Chirurgie des Dickdarms
Diagnostik
Die übliche präoperative Diagnostik vor kolorektalen Eingriffen umfasst neben Standarduntersuchungen vor allem die kardiopulmonale Einschätzung des operativen Risikos. Neben Anamnese und sorgfältiger klinischer Untersuchung des Abdomens einschließlich einer digital-rektalen Untersuchung kommt der endoskopischen Diagnostik die größte Bedeutung zu.

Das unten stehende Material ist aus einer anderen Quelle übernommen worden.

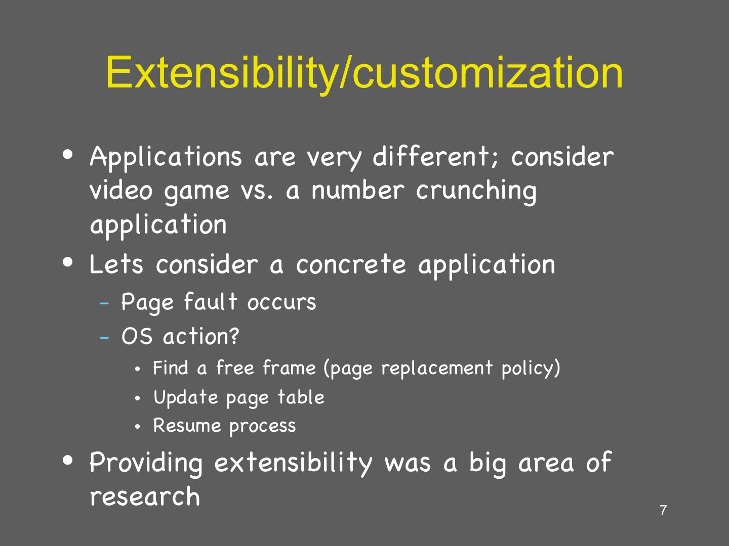 7 . Extensibility/customization • Applications are very different; consider video game vs. a number crunching application • Lets consider a concrete application – Page fault occurs – OS action? • Find a free frame (page replacement policy) • Update page table • Resume process • Providing extensibility was a big area of research 7

Die Endoskopie kann neben der exakten Lokalisation des Befundes mittels Biopsie zur Diagnosesicherung und Indikationsstellung entscheidend beitragen. Des weiteren sollten beim Verdacht auf maligne Erkrankungen zum Tumorstaging eine sonographische Untersuchung des Abdomens sowie in begründeten Fällen eine Computertomographie des Abdomens und des Thorax durchgeführt werden. Ein Hämokkult-Test kann zur Erfassung okkulter Blutbeimengungen im Stuhl durchgeführt werden. Tumormarker-Bestimmungen sind obligat nach chirurgischer Therapie zur Verlaufskontrolle und zur frühzeitigen Erfassung von Tumorrezidiven. Präoperativ erhöhte CEA-Werte normalisieren sich nach kurativer Operation. Bei primär negativem CEA kann CA19-9 (Normalwert bis 40 U/ml) als zusätzlicher Marker herangezogen werden.
Tumore des Enddarms (Rektumkarzinome) sind definiert als Karzinome mit einer Lokalisation bis maximal 16 cm ab ano. In unserer Abteilung wurden in den letzen 10 Jahren etwa 350 solcher Karzinome operativ versorgt. Das entspricht etwa einem Drittel aller bei uns behandelten malignen Darmtumoren.
Bei der Operationsvorbereitung ist eine mechanische Darmreinigung und Keimzahlminderung entscheidend. Diese wird am besten durch eine orthograde Darmspülung vor der Operation erreicht. Durch die orthograde Darmspülung und die perioperative Antibiotikaprophylaxe konnte die postoperativen Wundinfektionsrate bei kolorektalen Eingriffen von über 30% auf 5-8% gesenkt werden. Eine gute präoperative Diagnostik und Darmvorbereitung erlaubt zumeist eine Dickdarmresektion mit direkter Passagewiederherstellung. Die Entscheidung über die Art einer operativen Therapie hängt von unterschiedlichen Faktoren ab und sollte grundsätzlich auf der Basis einer histologischen Sicherung erfolgen. Über ein präoperatives Staging kann die Indikation für eine präoperative neoadjuvante Radiochemotherapie gestellt werden.
Präoperative Diagnostik
Wir führen zur weiteren Therapieplanung folgende Untersuchungen durch:
- komplette Darmspiegelung (Koloskopie) zur genauen Tumorlokalisation und Probenentnahme
- Sonographie des Abdomens zum Nachweis von Lymphknoten-/Lebermetastasen
- Röntgen des Brustkorbs (Thorax) zum Ausschluss von Lungenmetastasen
- Bestimmung der Tumormarker (CEA, CA19-9)
- Endosonographie des Rektums (Ultraschalluntersuchung vom Darmlumen aus, ermöglicht eine bessere Beurteilung von Tumor-Infiltrationstiefe und Lymphknotenbeteiligung)

Abbildung_1: Polyp im Colon descendens.

Abbildung_2: Breitbasig aufsitzendes Adenom des Colon ascendens.

Abbildung_3: Kolonkarzinom.
Als ergänzende Untersuchungen können durchgeführt werden:
- Computertomographie des Abdomens
- Kernspintomographie bei unklaren Befunden im Computertomogramm
- Zytoskopie oder gynäkologische Untersuchung

Abbildung_4: Endosonographie des Rektums.